Would you transcribe exactly the lines from the beginning of the records below through the line with "Outer leather is", both included, omitting the pictures?

[[ THE INPUT, beginning ]]

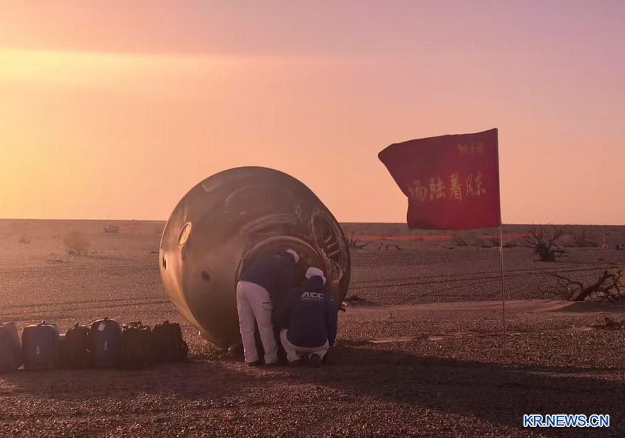 [신화망 베이징 11월15일] 중국 선저우(神舟) 20호 우주비행사를 태운 선저우 21호 유인우주선 귀환 캡슐이 14일 네이멍구(內蒙古)자치구 둥펑(東風)착륙장에 무사히 귀환했다.
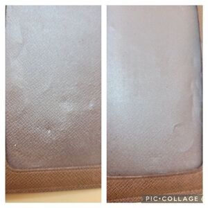 Outer leather is in good pre-owned condition. Inside wallet has some scratches & a spot, the vinyl have some scratches & cracks. 2 card slots, nice and clean inside. Please review the last photo for date code. It made in France. No trade.
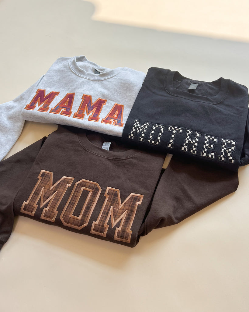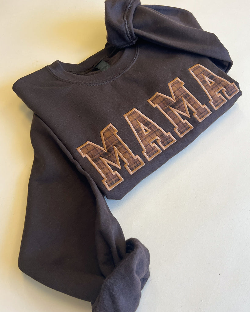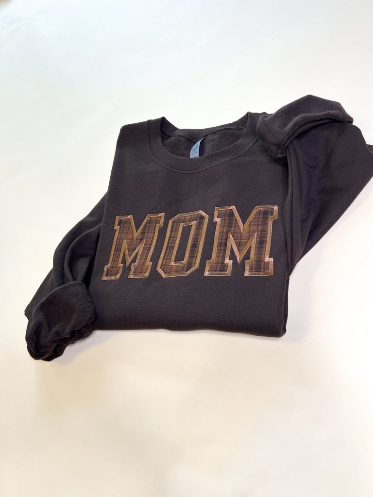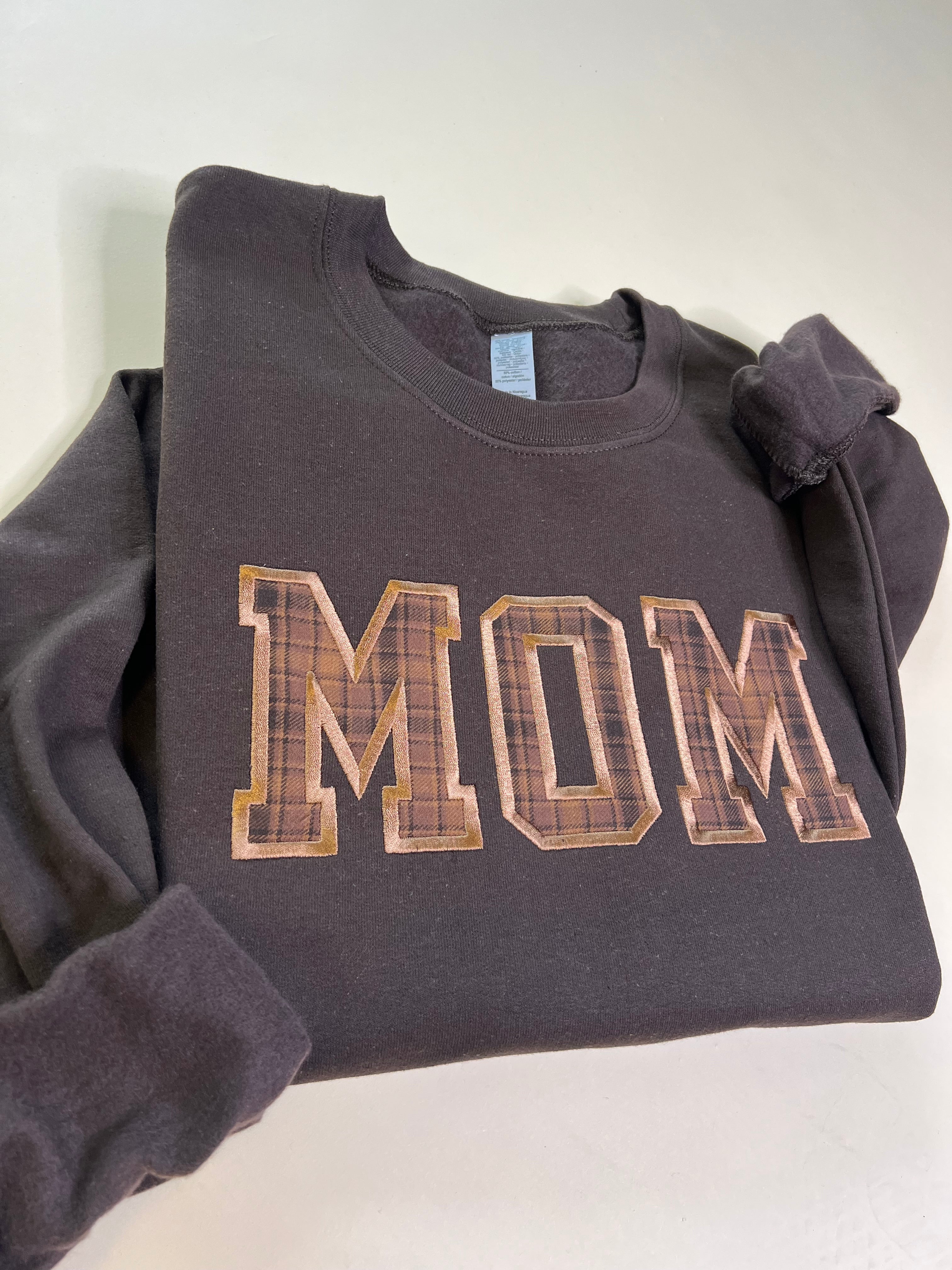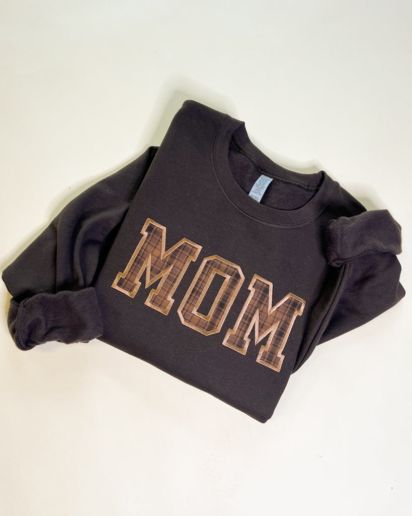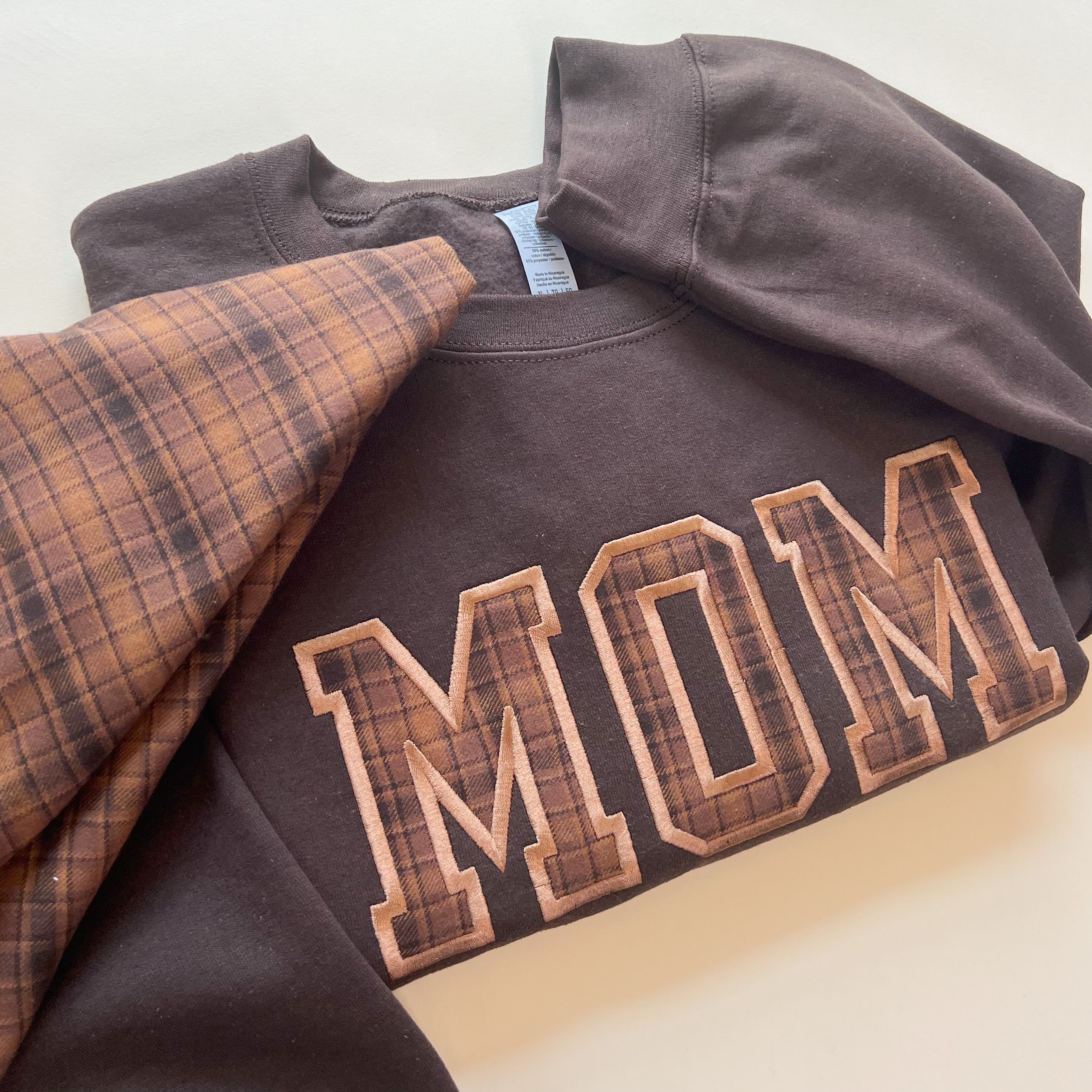Custom Name Applique Embroidered Sweatshirt - Brown Plaid
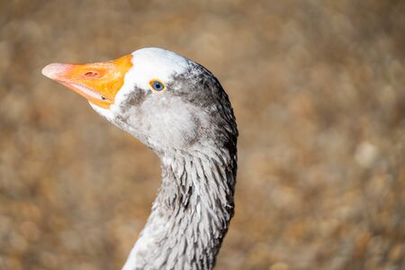 Close up of the head of a domestic geese, domesticated grey geese that are kept by humans as poultry for their meat, eggs, and down feathers since ancient times
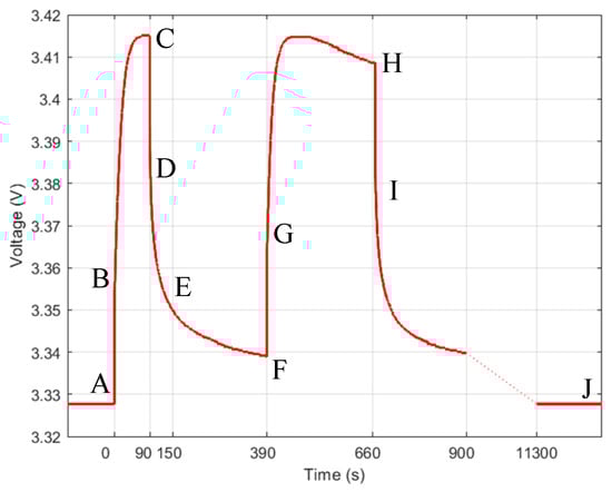 Figure 8 shows the battery terminal voltage variation curve for one cycle of the discharge phase of the modified HPPC test, where points A–J are the transition points for each work step (except for point E, which is the data point 1 min after point D). Taking the discharge stage as an example, the specific method for the offline parameter identification of the improved second-order RC model with the addition of a variable-time-constant RC links is as follows.
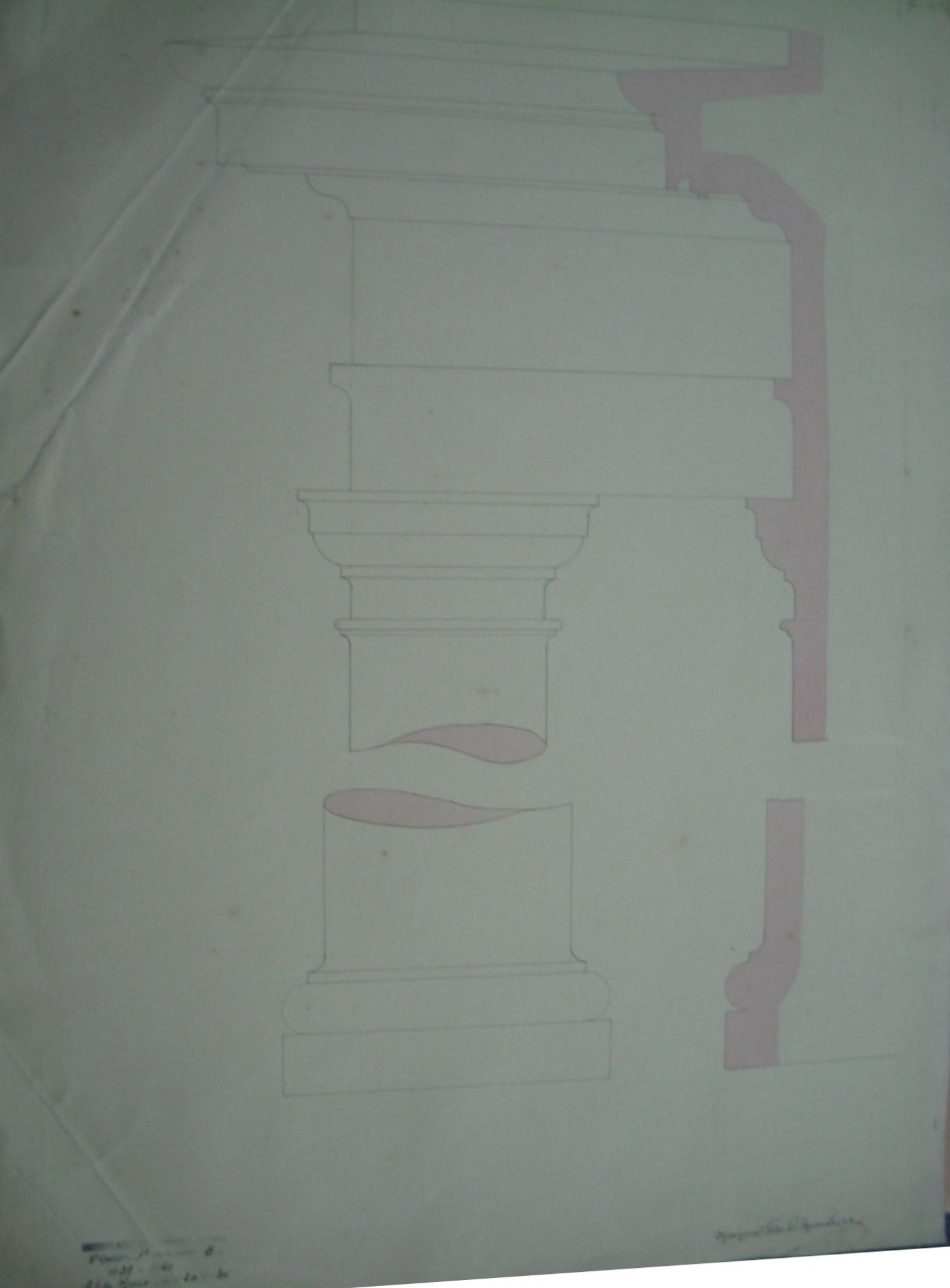 | Descrição: | O desenho representa um fragmento arquitetónico composto por coluna, capitel e entablamento. Possivelmente pretencem à ordem arquitetónica dorica, por apresentar a simplicidade das formas. |

[[ THE INPUT, end ]]

• [TASK ANSWER]:
 [신화망 베이징 11월15일] 중국 선저우(神舟) 20호 우주비행사를 태운 선저우 21호 유인우주선 귀환 캡슐이 14일 네이멍구(內蒙古)자치구 둥펑(東風)착륙장에 무사히 귀환했다.
 Outer leather is in good pre-owned condition. Inside wallet has some scratches & a spot, the vinyl have some scratches & cracks. 2 card slots, nice and clean inside. Please review the last photo for date code. It made in France. No trade.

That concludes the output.